- _WHAT TO WORK ON_
The stretch wanted below opens at the line containing "Stolarna vita färg" and closes at the line containing "Restaurant original et". Please return it exactly, with no other lines.

- _EXCERPTED RECORDS_
========
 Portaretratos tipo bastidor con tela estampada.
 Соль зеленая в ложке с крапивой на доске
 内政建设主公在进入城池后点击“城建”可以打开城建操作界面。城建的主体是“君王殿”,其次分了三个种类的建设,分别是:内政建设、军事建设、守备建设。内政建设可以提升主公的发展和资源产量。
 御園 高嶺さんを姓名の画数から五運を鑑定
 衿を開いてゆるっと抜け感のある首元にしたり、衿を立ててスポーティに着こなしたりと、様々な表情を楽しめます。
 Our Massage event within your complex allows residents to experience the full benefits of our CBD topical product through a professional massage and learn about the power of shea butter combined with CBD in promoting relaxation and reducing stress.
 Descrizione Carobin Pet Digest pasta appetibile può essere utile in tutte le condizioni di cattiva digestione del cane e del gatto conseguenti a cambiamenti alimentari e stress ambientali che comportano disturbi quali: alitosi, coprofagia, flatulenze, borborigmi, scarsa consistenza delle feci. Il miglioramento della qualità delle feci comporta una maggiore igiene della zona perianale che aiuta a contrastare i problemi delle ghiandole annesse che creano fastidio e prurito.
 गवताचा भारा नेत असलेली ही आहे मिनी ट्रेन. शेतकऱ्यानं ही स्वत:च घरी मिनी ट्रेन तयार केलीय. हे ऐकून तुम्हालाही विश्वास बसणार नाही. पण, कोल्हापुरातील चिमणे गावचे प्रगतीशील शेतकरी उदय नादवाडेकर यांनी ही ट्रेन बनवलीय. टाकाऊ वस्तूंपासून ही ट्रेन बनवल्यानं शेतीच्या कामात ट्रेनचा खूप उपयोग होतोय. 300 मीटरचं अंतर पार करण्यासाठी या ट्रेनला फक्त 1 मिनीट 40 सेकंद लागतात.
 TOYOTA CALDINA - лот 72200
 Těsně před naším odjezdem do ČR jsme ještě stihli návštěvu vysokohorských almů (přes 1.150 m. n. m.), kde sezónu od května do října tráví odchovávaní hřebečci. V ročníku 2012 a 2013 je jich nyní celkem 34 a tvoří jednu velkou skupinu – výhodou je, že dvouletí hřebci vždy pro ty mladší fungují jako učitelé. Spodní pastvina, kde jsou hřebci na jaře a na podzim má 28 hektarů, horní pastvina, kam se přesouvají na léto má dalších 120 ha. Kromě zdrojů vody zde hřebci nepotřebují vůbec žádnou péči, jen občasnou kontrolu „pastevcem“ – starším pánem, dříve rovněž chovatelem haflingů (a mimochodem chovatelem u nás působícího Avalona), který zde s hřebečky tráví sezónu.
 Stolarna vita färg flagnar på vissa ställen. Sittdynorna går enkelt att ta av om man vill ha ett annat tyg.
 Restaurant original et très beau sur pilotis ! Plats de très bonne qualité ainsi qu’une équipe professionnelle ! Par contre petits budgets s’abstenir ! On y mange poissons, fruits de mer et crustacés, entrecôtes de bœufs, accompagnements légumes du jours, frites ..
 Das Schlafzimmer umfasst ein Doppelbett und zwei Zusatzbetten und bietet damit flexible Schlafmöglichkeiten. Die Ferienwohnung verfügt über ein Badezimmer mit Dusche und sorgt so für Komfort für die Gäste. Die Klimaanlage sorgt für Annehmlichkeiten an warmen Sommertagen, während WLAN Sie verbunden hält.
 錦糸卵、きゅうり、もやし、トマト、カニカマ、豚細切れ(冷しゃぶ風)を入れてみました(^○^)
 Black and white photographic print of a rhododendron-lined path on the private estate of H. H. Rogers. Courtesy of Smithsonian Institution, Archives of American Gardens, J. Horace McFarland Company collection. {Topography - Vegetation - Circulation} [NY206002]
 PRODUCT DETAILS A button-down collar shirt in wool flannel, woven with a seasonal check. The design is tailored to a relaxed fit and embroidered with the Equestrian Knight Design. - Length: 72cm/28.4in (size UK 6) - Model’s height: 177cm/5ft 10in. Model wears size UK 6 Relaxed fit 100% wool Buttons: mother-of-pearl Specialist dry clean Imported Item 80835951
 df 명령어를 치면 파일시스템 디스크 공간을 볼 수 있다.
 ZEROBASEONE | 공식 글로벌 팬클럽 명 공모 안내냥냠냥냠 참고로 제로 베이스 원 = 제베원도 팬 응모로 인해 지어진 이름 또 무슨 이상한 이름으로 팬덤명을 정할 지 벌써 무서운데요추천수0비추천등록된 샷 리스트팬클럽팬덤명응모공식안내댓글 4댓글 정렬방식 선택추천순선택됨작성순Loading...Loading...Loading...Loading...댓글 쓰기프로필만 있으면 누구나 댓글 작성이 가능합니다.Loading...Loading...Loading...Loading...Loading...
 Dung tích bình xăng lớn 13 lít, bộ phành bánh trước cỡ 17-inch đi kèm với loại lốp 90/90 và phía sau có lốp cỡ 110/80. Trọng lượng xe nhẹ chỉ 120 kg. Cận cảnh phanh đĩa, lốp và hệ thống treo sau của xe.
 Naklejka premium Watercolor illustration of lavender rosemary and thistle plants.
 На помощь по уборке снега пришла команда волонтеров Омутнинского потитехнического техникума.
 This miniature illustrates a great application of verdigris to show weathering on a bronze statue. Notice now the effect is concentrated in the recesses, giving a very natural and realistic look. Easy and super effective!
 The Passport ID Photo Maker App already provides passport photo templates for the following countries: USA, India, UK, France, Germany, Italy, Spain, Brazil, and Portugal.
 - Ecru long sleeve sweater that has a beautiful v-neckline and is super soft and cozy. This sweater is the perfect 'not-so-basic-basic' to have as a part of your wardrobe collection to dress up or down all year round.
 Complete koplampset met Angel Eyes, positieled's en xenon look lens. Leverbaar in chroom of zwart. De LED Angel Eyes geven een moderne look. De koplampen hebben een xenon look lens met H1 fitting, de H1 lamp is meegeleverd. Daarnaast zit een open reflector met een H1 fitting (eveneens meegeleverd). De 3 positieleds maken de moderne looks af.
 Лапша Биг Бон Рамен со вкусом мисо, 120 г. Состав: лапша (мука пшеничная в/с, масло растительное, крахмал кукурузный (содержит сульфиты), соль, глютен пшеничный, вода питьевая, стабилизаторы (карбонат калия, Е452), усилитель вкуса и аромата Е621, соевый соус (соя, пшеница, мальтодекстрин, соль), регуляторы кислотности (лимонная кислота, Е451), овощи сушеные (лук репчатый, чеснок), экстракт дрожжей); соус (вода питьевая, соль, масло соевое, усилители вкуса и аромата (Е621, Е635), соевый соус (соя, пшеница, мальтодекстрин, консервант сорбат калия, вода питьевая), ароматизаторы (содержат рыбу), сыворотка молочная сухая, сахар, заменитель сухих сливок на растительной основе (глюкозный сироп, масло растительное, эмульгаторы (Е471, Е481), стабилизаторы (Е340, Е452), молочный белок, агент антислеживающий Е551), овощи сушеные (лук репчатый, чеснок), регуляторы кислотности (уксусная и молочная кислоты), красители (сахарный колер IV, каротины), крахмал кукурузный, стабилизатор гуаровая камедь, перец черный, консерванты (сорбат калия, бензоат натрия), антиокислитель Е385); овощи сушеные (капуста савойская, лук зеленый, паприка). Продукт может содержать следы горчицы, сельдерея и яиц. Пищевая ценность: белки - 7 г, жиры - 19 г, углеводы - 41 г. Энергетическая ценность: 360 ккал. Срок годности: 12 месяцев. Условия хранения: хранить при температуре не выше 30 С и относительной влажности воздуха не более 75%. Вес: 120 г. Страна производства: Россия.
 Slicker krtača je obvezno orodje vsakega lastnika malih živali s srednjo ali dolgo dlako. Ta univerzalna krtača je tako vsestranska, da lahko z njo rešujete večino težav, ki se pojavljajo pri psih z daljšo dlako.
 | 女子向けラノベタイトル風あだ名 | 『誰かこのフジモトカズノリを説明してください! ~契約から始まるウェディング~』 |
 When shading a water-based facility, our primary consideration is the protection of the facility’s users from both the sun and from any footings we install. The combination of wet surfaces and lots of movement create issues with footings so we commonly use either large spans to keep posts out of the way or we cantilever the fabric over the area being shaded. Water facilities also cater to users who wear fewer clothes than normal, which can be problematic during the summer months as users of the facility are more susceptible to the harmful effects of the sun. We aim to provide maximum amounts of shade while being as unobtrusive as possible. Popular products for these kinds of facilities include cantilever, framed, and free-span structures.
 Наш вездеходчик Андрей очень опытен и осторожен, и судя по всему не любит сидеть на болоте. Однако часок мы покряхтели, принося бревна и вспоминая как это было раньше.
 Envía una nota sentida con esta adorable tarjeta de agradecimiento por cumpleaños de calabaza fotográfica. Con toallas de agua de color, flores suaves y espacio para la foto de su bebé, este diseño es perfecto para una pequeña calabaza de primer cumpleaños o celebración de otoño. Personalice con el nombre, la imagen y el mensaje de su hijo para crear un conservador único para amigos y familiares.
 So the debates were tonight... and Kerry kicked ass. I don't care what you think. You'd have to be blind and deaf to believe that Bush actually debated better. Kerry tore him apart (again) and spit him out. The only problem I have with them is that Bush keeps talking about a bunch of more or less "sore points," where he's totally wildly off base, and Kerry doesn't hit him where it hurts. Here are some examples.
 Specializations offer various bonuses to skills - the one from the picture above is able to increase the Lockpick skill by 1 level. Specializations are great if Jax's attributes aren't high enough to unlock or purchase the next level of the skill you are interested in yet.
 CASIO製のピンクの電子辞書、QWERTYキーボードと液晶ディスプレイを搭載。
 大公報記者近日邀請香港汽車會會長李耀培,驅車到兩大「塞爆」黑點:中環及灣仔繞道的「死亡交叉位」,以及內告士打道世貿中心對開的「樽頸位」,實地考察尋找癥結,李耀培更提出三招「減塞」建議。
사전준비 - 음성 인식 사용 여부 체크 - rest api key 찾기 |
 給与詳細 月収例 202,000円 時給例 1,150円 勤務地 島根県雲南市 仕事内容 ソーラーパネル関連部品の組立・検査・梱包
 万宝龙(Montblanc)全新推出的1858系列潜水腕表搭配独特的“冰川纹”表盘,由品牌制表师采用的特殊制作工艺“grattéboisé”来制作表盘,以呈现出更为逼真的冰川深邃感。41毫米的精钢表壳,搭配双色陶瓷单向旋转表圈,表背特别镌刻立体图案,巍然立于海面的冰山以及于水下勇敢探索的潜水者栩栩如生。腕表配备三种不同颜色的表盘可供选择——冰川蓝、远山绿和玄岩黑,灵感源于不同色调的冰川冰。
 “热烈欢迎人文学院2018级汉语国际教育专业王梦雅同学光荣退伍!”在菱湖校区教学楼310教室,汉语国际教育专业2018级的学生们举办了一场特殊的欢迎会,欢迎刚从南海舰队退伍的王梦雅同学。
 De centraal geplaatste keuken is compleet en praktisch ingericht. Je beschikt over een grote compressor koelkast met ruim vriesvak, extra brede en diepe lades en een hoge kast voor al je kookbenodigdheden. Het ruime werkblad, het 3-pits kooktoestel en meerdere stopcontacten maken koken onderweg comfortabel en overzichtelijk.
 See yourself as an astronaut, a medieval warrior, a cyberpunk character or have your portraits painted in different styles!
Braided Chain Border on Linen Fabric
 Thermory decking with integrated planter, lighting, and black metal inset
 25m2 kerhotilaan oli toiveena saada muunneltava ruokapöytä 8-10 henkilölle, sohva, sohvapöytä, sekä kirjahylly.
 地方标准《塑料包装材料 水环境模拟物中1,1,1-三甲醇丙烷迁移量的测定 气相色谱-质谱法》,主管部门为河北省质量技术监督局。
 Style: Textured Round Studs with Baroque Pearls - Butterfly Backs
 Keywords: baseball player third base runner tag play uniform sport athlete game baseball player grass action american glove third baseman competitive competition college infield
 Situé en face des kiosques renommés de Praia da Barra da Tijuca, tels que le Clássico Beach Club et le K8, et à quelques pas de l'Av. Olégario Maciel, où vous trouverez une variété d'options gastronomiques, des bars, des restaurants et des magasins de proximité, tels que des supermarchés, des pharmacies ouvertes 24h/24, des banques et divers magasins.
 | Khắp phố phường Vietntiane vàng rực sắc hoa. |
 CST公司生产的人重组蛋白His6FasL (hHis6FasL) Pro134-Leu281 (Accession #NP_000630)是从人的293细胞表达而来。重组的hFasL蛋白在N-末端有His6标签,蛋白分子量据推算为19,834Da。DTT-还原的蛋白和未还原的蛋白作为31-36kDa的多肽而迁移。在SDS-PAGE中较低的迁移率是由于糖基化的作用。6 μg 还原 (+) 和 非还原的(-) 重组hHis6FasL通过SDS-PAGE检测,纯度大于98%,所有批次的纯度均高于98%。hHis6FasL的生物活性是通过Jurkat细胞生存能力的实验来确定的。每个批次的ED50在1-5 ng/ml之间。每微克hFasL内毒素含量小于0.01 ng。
========
- _RESPONSE AREA_
 Stolarna vita färg flagnar på vissa ställen. Sittdynorna går enkelt att ta av om man vill ha ett annat tyg.
 Restaurant original et très beau sur pilotis ! Plats de très bonne qualité ainsi qu’une équipe professionnelle ! Par contre petits budgets s’abstenir ! On y mange poissons, fruits de mer et crustacés, entrecôtes de bœufs, accompagnements légumes du jours, frites ..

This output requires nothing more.